After command completion occurred, registers were:
ER -- ST COUNT LBA_48 LH LM LL DV DC
-- -- -- == -- == == == -- -- -- -- --
10 -- 51 00 00 00 00 cf ae b9 20 40 00 Error: IDNF at LBA = 0xcfaeb920 = 3484334368
Commands leading to the command that caused the error were:
CR FEATR COUNT LBA_48 LH LM LL DV DC Powered_Up_Time Command/Feature_Name
-- == -- == -- == == == -- -- -- -- -- --------------- --------------------
61 00 10 00 28 00 00 00 00 0a 10 40 00 8d+03:27:28.841 WRITE FPDMA QUEUED
61 00 10 00 18 00 01 d1 c0 76 10 40 00 8d+03:27:28.841 WRITE FPDMA QUEUED
61 00 10 00 10 00 01 d1 c0 74 10 40 00 8d+03:27:28.765 WRITE FPDMA QUEUED
61 00 90 00 08 00 00 cf ae ba 60 40 00 8d+03:27:28.765 WRITE FPDMA QUEUED
61 00 a0 00 00 00 00 cf ae b9 b8 40 00 8d+03:27:28.765 WRITE FPDMA QUEUED
This manifests in Linux kernel as:
[20809.396248] blk_update_request: critical target error, dev sdd, sector 3484334368 op 0x1:(WRITE) flags 0x700 phys_seg 2 prio class 0
[20809.396275] sd 0:0:3:0: [sdd] tag#830 FAILED Result: hostbyte=DID_SOFT_ERROR driverbyte=DRIVER_OK
[20809.396279] sd 0:0:3:0: [sdd] tag#829 FAILED Result: hostbyte=DID_SOFT_ERROR driverbyte=DRIVER_OK
[20809.396280] sd 0:0:3:0: [sdd] tag#830 CDB: Write(16) 8a 00 00 00 00 00 cf ae ba 60 00 00 00 90 00 00
[20809.396284] blk_update_request: I/O error, dev sdd, sector 3484334688 op 0x1:(WRITE) flags 0x700 phys_seg 2 prio class 0
[20809.396285] sd 0:0:3:0: [sdd] tag#829 CDB: Write(16) 8a 00 00 00 00 00 cf ae b9 b8 00 00 00 a0 00 00
[20809.396289] blk_update_request: I/O error, dev sdd, sector 3484334520 op 0x1:(WRITE) flags 0x700 phys_seg 2 prio class 0
I'd originally thought this was due to them reading ahead to areas not yet recorded in the shingled area in use and getting an unformatted block(*), but 100% zero-filling a drive resulted in the same errors.

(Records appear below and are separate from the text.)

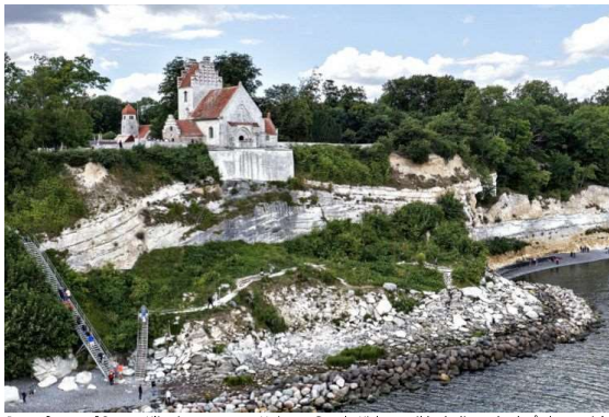
Dronefotoet af Stevns Klint iscenesætter Højerup Gamle Kirkes unikke beliggenhed på dramatisk vis. Efter at koret styrtede i havet i 1928, blev den betonsikring, der i dag bærer udsigtsterrassen, støbt. Herved blev nedbrydningen standset, og havet spiser ikke længere kirken bid for bid.

Tallene viser, at Trap Danmark har prioriteret kulturen som et af fundamentene i en danmarksbeskrivelse. Det gør det også nemmere at forholde sig til indholdet i kapitlerne om kultur, at de er bygget nogenlunde ens op. Indholdet i disse kapitler er rimeligt, og vi får god besked fx om kulturhistoriske museer, religion og trossamfund, byggeskik på landet, billedkunst og musik. Undertiden bliver det lidt for summarisk, når det nævnes, at "Ringsted Kulturhus danner ramme om en række foreninger" (s.113), men vi får ikke besked om, hvilke foreninger det drejer sig om. Det skal sættes i relation til, at idrætsforeningerne omtales mere specifikt. Her nøjes man ikke med at skrive, at "Idrætsforeningerne har stor tilslutning i Ringsted Kommune". Nej, her skal vi fx vide, at "Benløse Idrætsforening (oprettet 1934) topper listen, mens Ringsted Idrætsforening (oprettet 1890) er delt op i mange mindre foreninger, bl.a. gymnastik og fodbold, der tilsammen har mange medlemmer. Også Ringsted Svømmeklub er meget søgt". Selv om det også er summarisk, er det alligevel et lidt mere nuanceret billede, end tilfældet er for foreningernes vedkommende. Det er nok en lille detalje, og den skal ikke skygge for, at kulturafsnittene gennemgående er oplysende, interessante og væsentlige.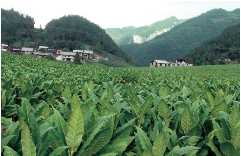
建始白肋烟出口基地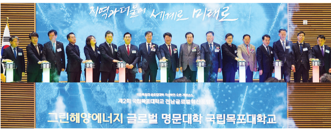
국립목포대학교(총장 송하철)는 전남도와 공동주관으로 지난 18일 국립목포대 70주년기념관에서 '제2회 전남 글로벌 혁신포럼'을 개최했다.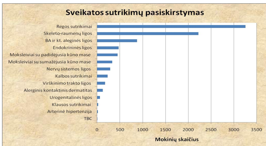
4 pav. Moksleiviams nustatytų sveikatos sutrikimų pasiskirstymas

Analizuojant moksleivių sveikatos sutrikimus, dažniausiai nustatomi regėjimo sutrikimai, kurie sudaro 50,8 proc. (3 254 atv.) iš visų patikrintusių sveikatą mokinių. Gana daug mokinių turi skeleto-raumenų sistemos sutrikimų 34,7 proc., į kuriuos įeina ydinga laikysena, skoliozė, bei kiti susirgimai (žr. 4 pav.).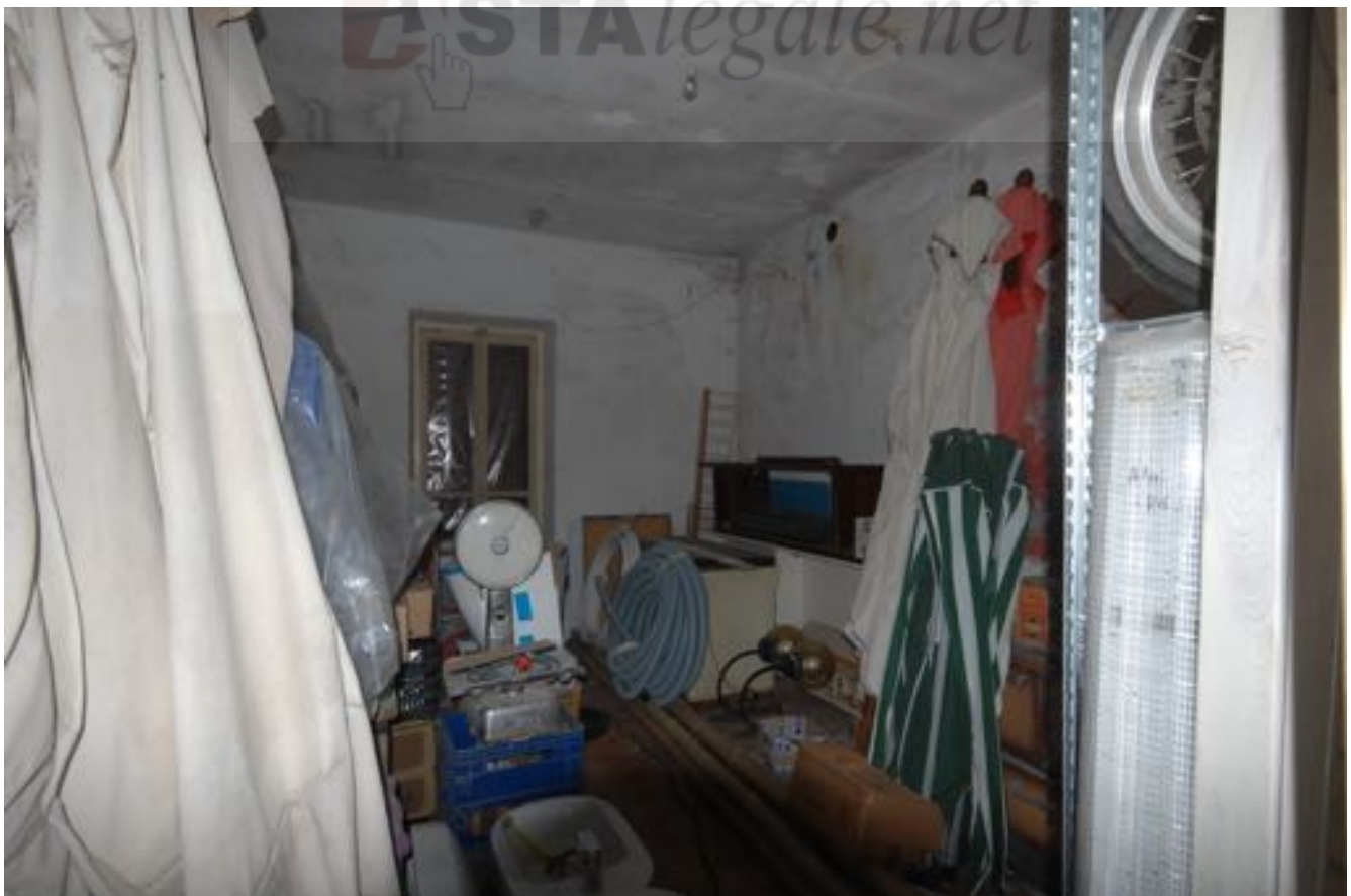
Sale interne Sub. 10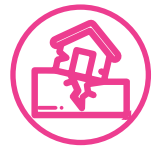
Áreas propensas a desastres naturales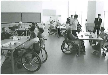
お茶、お菓子を食べながら！

4月14日、春の懇話会が行われました。三施設それぞれのご利用者さんから新年度へのご要望がたくさん出されました。これからも職員一同今以上にご利用者さんが安心して快適な生活ができますよう努力してまいります。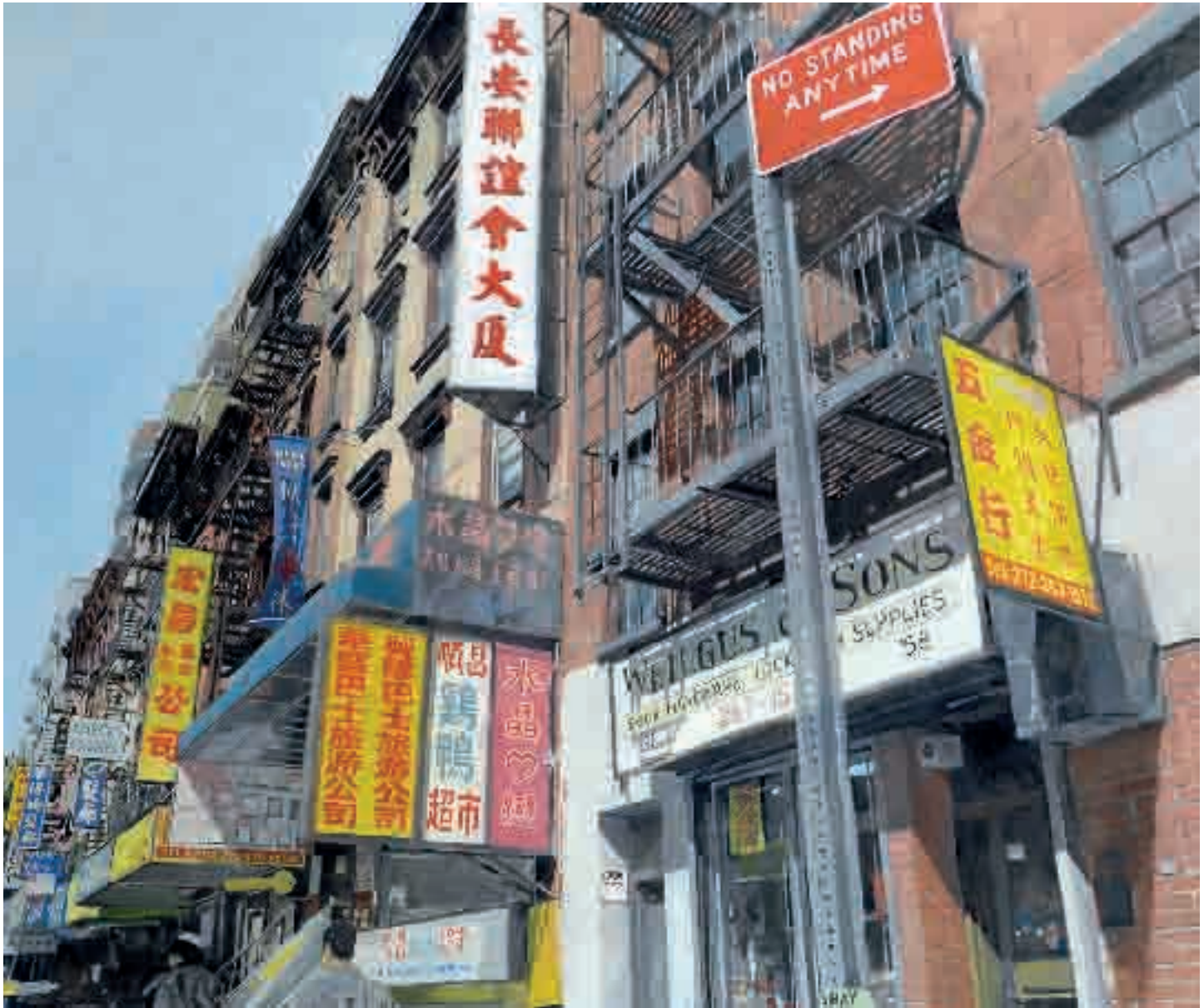
No standing any time | 2012 | olio su tela - oil on canvas, cm. 167x202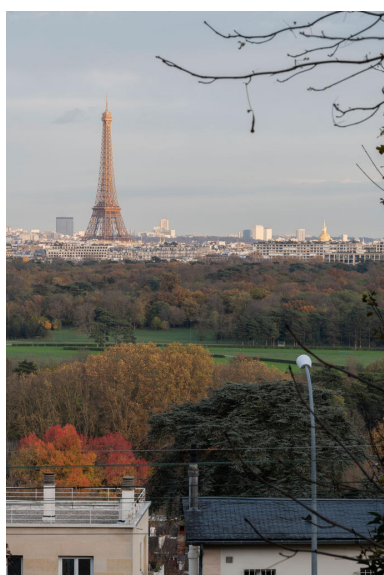
Vue vers Paris et la Tour Eiffel depuis l'avenue Alphonse Moguez IVR11_20249200885NUC4A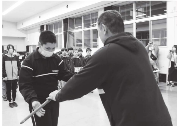
高原本部長から団旗を受ける団員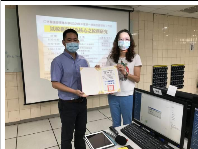
拍照日期：109.9.9 照片說明：頒發感謝狀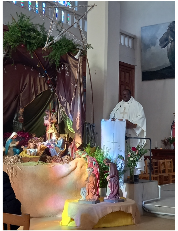
Épiphanie au Christ-Roi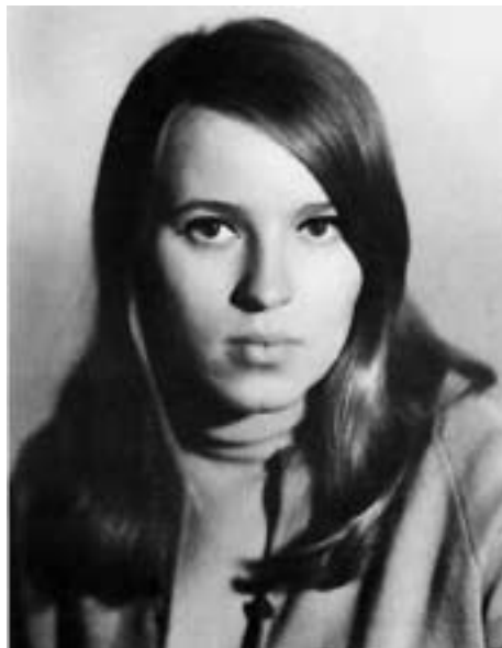
Валентина Матвиенко в студенческие годы

О том, что в институтские годы Валентина Матвиенко была яркой, неординарной девушкой, лидером, заводилой, вспоминают многие, кто учился с ней. Об этом свидетельствует и характеристика тех лет на студентку Тюнину Валенти-

(*) SMR zone filling is different to CMR preformatted layouts
The only real external clue that these drives are not what they should be is that they report themselves as "trim" capable - which a CMR drive shouldn't be able to do.
for a WD40EFAX
hdparm -I shows:
- Data Set Management TRIM supported (limit 10 blocks)
- Deterministic read ZEROs after TRIM
And to make matters worse, not all DM-SMR drives are doing this - for example Seagate ST3000DM-007 are DM-SMR but don't report TRIM capabilities
Caveats:
Beware of using "PMR" as a term, SMR (shingled) is an extension on PMR and if you use this instead of "CMR" (for 'conventional') the drive makers will latch on it to twist words and block your complaints - I've already found this out the hard way, and the fact that they're resorting to weasel-activities like that shows they know that they have created problems.
"Two dimensional magnetic recording"(TDMR) is a necessary part of SMR (shingled+zoning), but the marketers don't see it that way. The effect is the same and the implications of both are the same.